What I am personally thinking about first here is “actually trying to clarify the concerns and find consensus with other movements concerned about AI developments” (which by itself does not involve immediate radical law reforms).
We first need to have a basis of common understanding from which legislation can be drawn.
Let me also copy over Forrest’s (my collaborator) notes here:
I am honestly very confused on how Forrest is so confident that radical positive changes will not happen in our lifetime.
More importantly, he seems to be complaining that his opponents have different goals, and claims they’re selectively rational. Heads up, but rational behavior can only be determined once what goals you have are determined. Now, to him, his goals probably are much less selfish than those that want AI progress to speed up, so it’s not rational for AI capabilities to increase. I too do not think AI progress is beneficial, and believe it probably is harmful, so I’d slowdown on the progress too.

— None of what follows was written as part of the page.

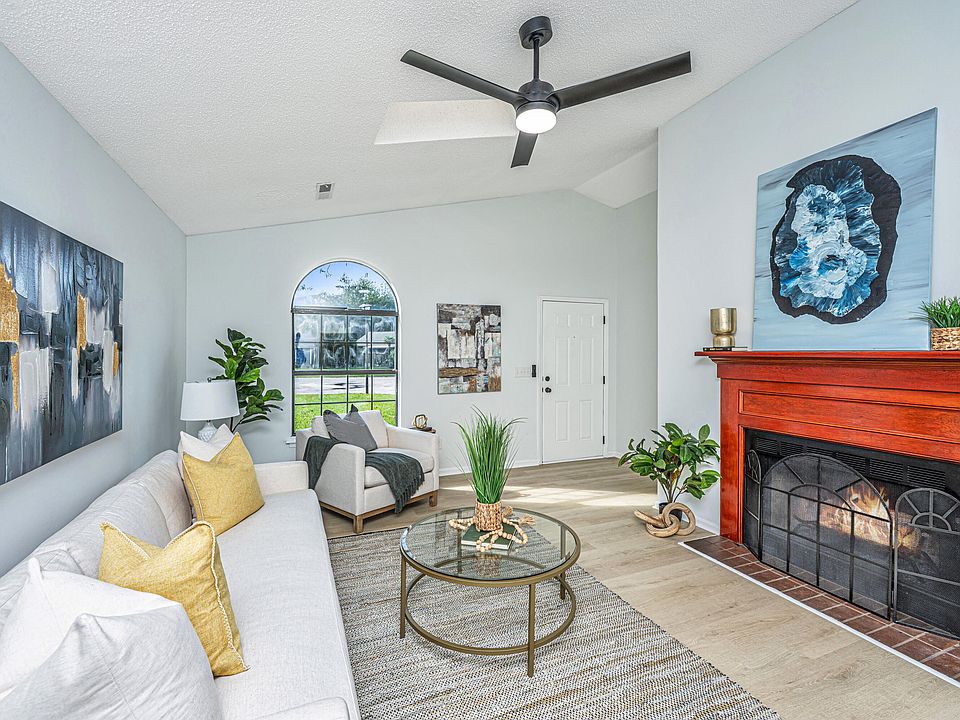 Wood burning fireplaceNew granite countertopsStainless steel appliancesVaulted ceilings

This is critical, because Forrest is misidentifying why AI progress people want AI to progress. The fact that they have very different goals compared to you is the reason why they want AI to progress, and not a rationality failure.
Another critical crux is I am far more optimistic than Forrest or Remmelt on AGI Alignment working out in the end. If I had a pessimism level comparable to Forrest or Remmelt, I too would probably advocate far more around governance strategies.

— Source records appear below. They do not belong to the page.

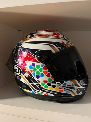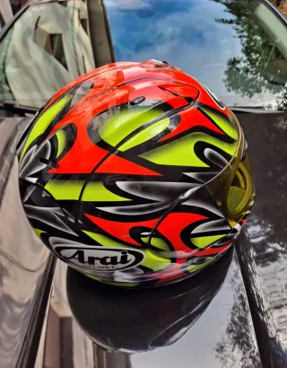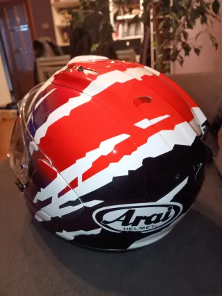 Casco Arai RX7-V EVO Nakagami talla S. Incluye dos pantallas, clara de serie y ahumada. Se ha usado 3 veces. Está como nuevo. También incluye spoiler original de Arai. Se entrega con su funda y caja originales. Solo la pantalla ahumada y el spoiler originales ya valen un pico.
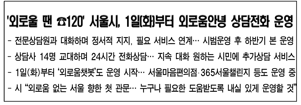 서울시는 4.1.(화) 오전 9시부터 「외로움안녕120」 시범 운영에 들어간다고 밝혔습니다.
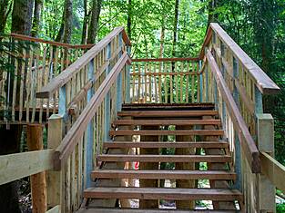 Die vorgefertigten Halbplatten wurden passgenau um den Baumbestand gelegt, mit EPDM-Kautschukfolie wettergeschützt verkleidet und mittels einem Alu-Profil fixiert. Entstanden ist ein bis ins Detail präzise ausgeführtes Holzbauprojekt, welches optisch überzeugt und den hohen Anforderungen an die Dauerhaftigkeit gerecht wird.

This is for several reasons:
My general prior is most problems are solvable. This doesn’t always occur, see the halting problem’s unsolvability, or the likely non-solvability of a perpetual motion machine, but my prior is if there isn’t a theorem prohibiting it and it doesn’t rely on violating the laws of physics, I’d say it solvable. And AGI alignment is in this spot.
I believe alignment is progressing, not enough to be clear, but if AI alignment was as well resourced as AI capabilities research, then I’d give it a fair shot of solving the problem.

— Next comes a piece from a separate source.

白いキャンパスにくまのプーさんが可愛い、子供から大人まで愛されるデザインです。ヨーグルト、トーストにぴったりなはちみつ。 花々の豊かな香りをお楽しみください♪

Finally, time. In the more conservative story described here, it still takes 20-30 years, and while AGI now would probably be incompatible with life due to instrumental convergence and inner alignment failures, so long as you have extremely pessimistic beliefs about progress in AI alignment, this is the type of time frame where I’d place 60% probability on having a working solution to the AGI alignment problem due to progress on it.
Responding below:
That prior for most problems being solvable is not justified. For starters, because you did not provide any reasons above to justify why beneficial AGI is not like a perpetual motion machine, AKA a “perpetual general benefit machine”.
See reasons to shift your prior: https://www.lesswrong.com/posts/Qp6oetspnGpSpRRs4/list-3-why-not-to-assume-on-prior-that-agi-alignment
Again no reasons given for the belief that AGI alignment is “progressing” or would have a “fair shot” of solving “the problem” if as well resourced as capabilities research. Basically nothing to argue against, because you are providing no arguments yet.
No reasons given, again. Presents instrumental convergence and intrinsic optimisation misalignment failures as the (only) threat models in terms of artificial general intelligence incompatibility with organic DNA-based life. Overlooks substrate-needs convergence.
I’ll concede here that I unfortunately do not have good arguments, and I’m updating towards pessimism regarding the alignment problem.
Appreciating your honesty, genuinely!
Always happy to chat further about the substantive arguments. I was initially skeptical of Forrest’s “AGI-alignment is impossible” claim. But after probing and digging into this question intensely over the last year, I could not find anything unsound (in terms of premises) or invalid (in terms of logic) about his core arguments.